И если бы они все замолчали, если бы перестали говорить. Если бы дед не потянулся через стол и не похлопал Криса по плечу, если бы мать не погладила Криса по щеке, если бы не сказала: «Молодец, мальчик мой, ты очень храбрый». Если бы Крис не говорил: «спасибо, мэм» или «спасибо, сэр» каждый раз, когда его хвалили. Если бы они хоть на одну секунду замолчали и прислушались, то наверняка услышали бы, как сердце их возлюбленной, дочери и внучки разбивается.

Но они продолжали что-то оживленно обсуждать, откупорили бутылку игристого вина, зажгли больше свечей.

Крадущаяся с востока ночь чувствовала себя полноправной хозяйкой в Виргинии. В чернильное небо летели голоса и искорки свечей, во рту миллионами ярких звезд взрывалось пузырьками шампанское. Ивонн еще сжимала руку Криса, когда мать достала из кармана вязаной накидки конверт и положила на стол перед ней.

–– Его доставили сегодня, – счастливо улыбаясь, произнесла Джен.

–– Что это? – спросила Ивонн, хотя видела на конверте эмблему Колумбийского университета.

Она предполагала, что это случится. Осень подкрадывалась незаметно. В саду поспела ежевика и виноград, из которого дед позднее сделает вино. Паутина в полях постарела и обвисла. Дожди шли все чаще, а дни становились холоднее и короче.

Но она не думала, что это случится так скоро. Ивонн взяла в руки письмо и аккуратно, медленно открыла его.

–– Ну, что там? – нетерпеливо спросил отец.

–– Поступила, – выдохнула Ив и тут же взглянула на Криса. Тот молчал.

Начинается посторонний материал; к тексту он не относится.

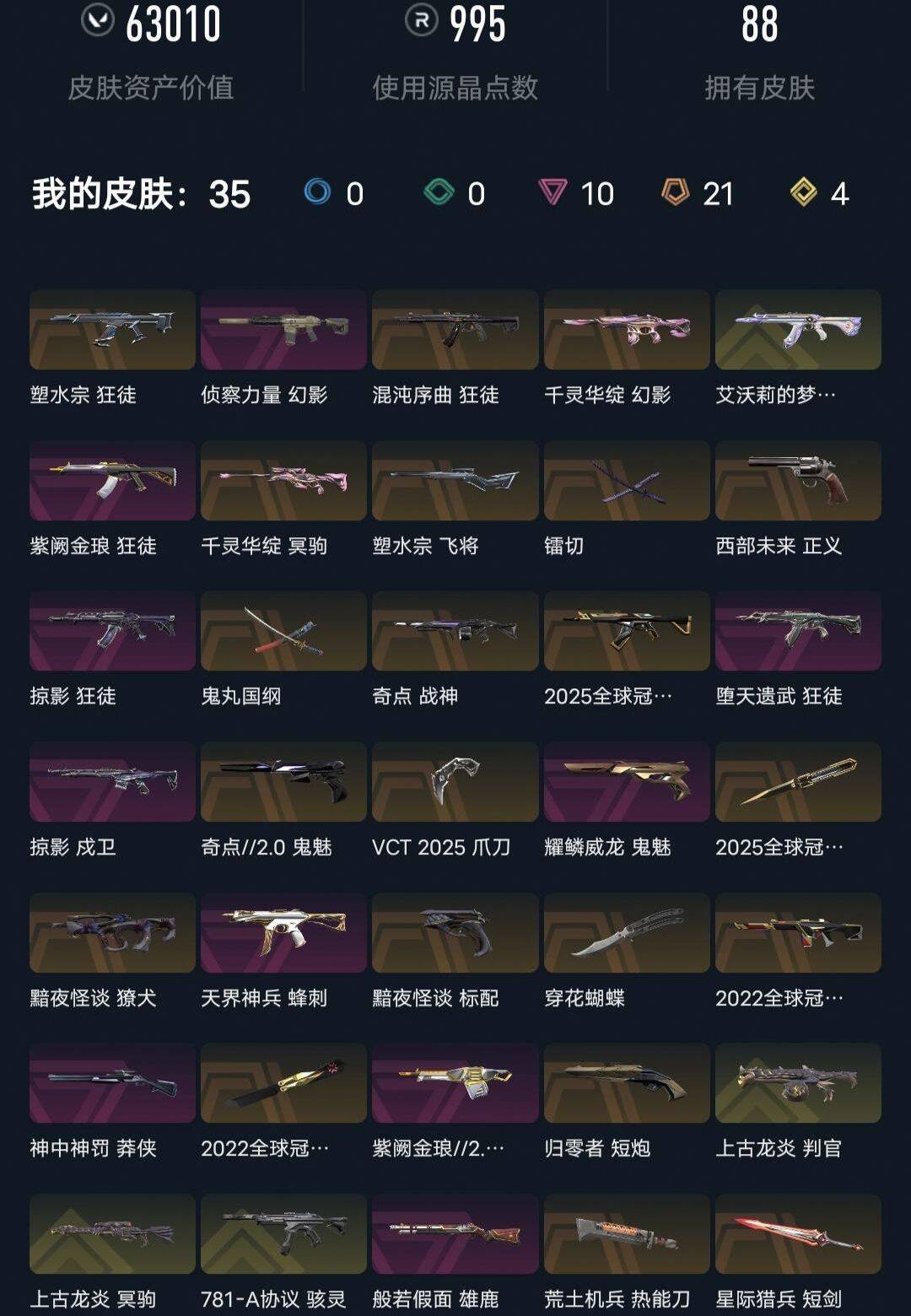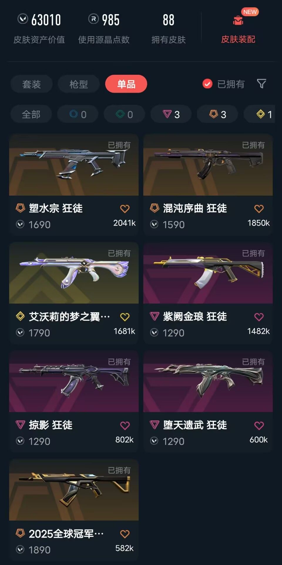 可排⚡6.3w库存⚡22 25冠军套⚡紫金混沌塑水艾沃莉狂徒⚡侦察千灵幻影⚡vct爪刀雷切⚡千灵冥狙

«Скажи что-нибудь», – подумала Ивонн. Не было ничего странного в том, что она поступила. Она готовилась очень упорно и долго, но сейчас все это стало так неважно. Все, чего ей хотелось, это чтобы Крис заговорил с ней, сказал хоть слово, но он молчал, а затем отпустил руку Ивонн.

 

–– Простите. Я должен идти, – все же сказал он и встал из-за стола. Крис растворился в ночи быстро, она поглотила его в своей клыкастой пасти. Будто и вовсе не было.

–– Мне так жаль, милая, – сказала Джен и прижала ладонь ко рту.

Ивонн еще какое-то время сидела, потом извинилась и кинулся к гаражу. Она взяла велосипед, надеясь, что Крис не далеко отъехал. Ивонн крутила педали так быстро, как только могла. Она думала, что, возможно, это бессмысленно. Но не попытаться не могла.

–– Хочешь оставить что-нибудь здесь? – спросил Крис пару дней назад.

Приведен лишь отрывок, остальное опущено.